December 8, 2021 2:19 PM EST

As filed with the Securities and Exchange Commission on December 8, 2021

Registration No. 333-253271

 

 

 

SECURITIES AND EXCHANGE COMMISSION

Washington, D.C. 20549

 

 

Post-Effective Amendment No. 1 to Form S-3 Registration Statement No. 333-253271

FORM S-3

REGISTRATION STATEMENT

UNDER

THE SECURITIES ACT OF 1933

COLUMBIA PROPERTY TRUST, INC.

COLUMBIA PROPERTY TRUST OPERATING PARTNERSHIP, L.P.

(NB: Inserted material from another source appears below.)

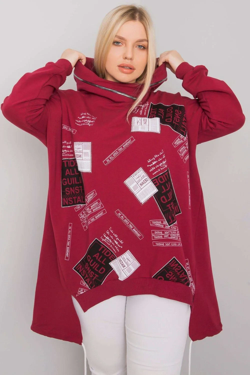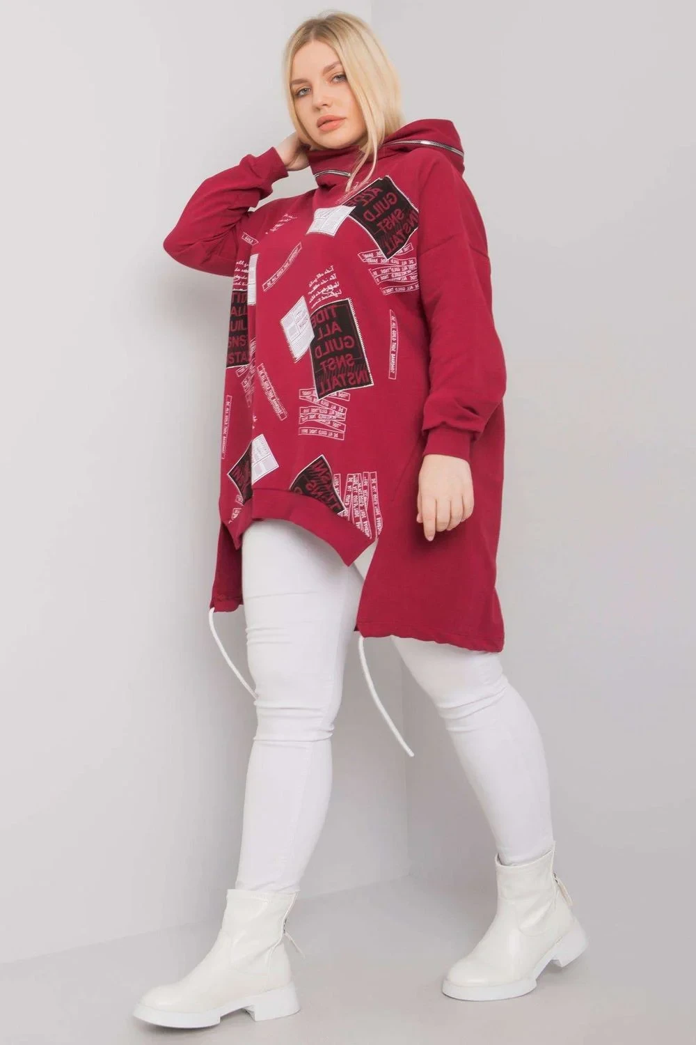 Bordó mikina s potiskem a aplikací. Mikina má kapuci a dlouhé rukávy.

(Exact name of registrant as specified in its charter)

 

Maryland (Columbia Property Trust, Inc.)

Delaware (Columbia Property

Trust Operating Partnership, L.P.)

 

20-0068852

20-0068907

(State of other jurisdiction of
incorporation or organization)
  (I.R.S. Employee
Identification Number)

 

 

Columbia Property Trust, Inc.

315 Park Avenue South,

Suite 500

New York, New York 10010

(212) 687-0800

(Address, including zip code, and telephone number including area code, of Registrant’s principal executive offices)

James A. Fleming

Executive Vice President and Chief Financial Officer

Columbia Property Trust, Inc.

315 Park Avenue South,

Suite 500

New York, New York 10010

(212) 687-0800

 

 

(Name and address, including zip code, and telephone number, including area code, of agent for service)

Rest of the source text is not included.